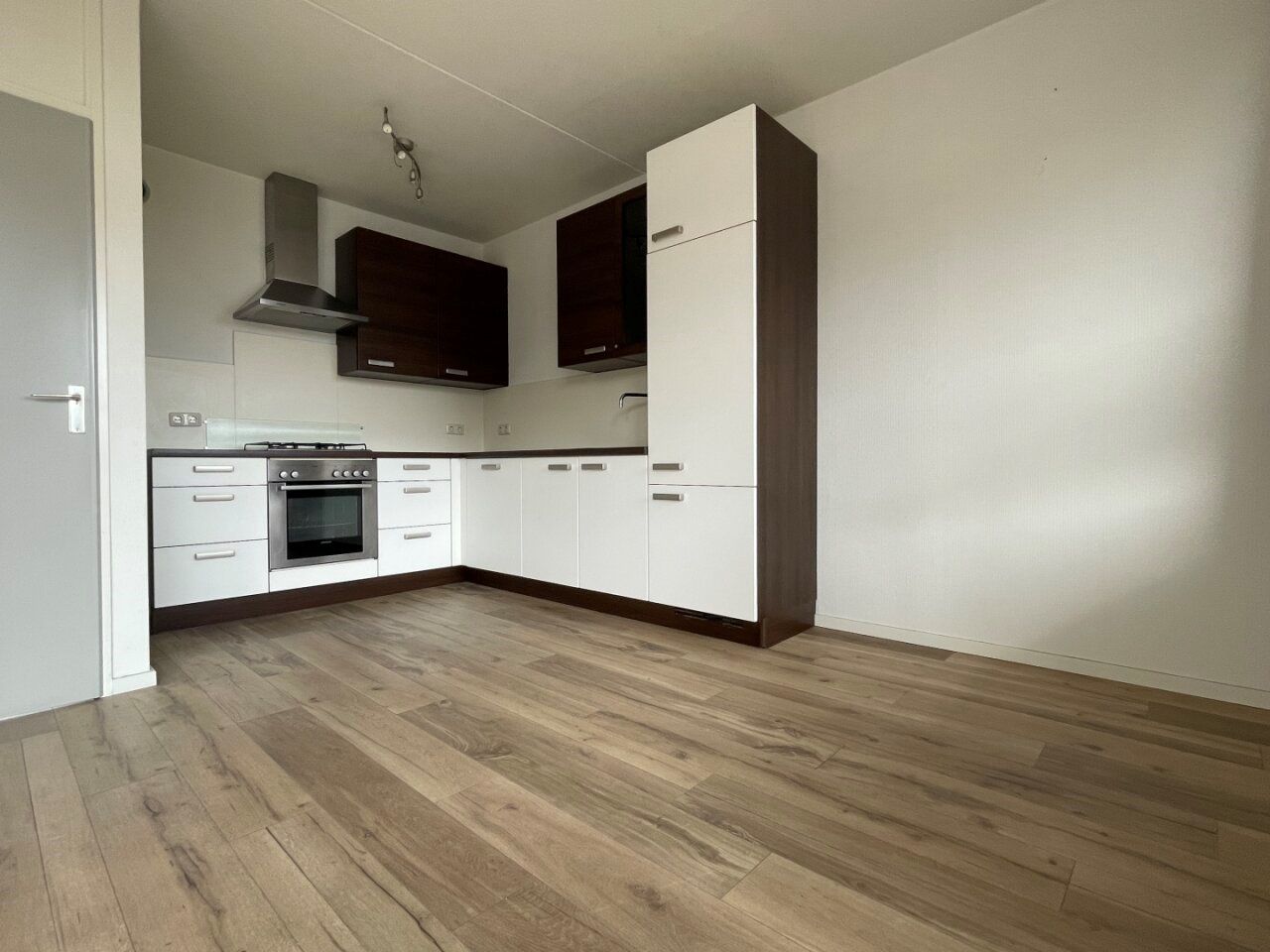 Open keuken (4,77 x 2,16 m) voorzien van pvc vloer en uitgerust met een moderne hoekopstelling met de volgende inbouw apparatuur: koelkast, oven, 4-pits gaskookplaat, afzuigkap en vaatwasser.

■ ■ ■ ■ ■ ■ ■

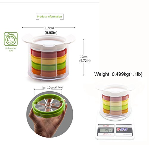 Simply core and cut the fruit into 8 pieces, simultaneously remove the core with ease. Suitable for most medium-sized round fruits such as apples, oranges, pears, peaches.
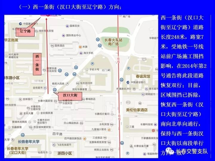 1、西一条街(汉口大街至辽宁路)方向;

■ ■ ■ ■ ■ ■ ■

• [WORK TO BE COMPLETED]: Using the entries above, transcribe exactly from the line that has "Simply core and" through the line that has "1、西一条街(汉口大街至辽宁路)方向;". Pictures are dropped.

• [RESULT BELOW]:
 Simply core and cut the fruit into 8 pieces, simultaneously remove the core with ease. Suitable for most medium-sized round fruits such as apples, oranges, pears, peaches.
 1、西一条街(汉口大街至辽宁路)方向;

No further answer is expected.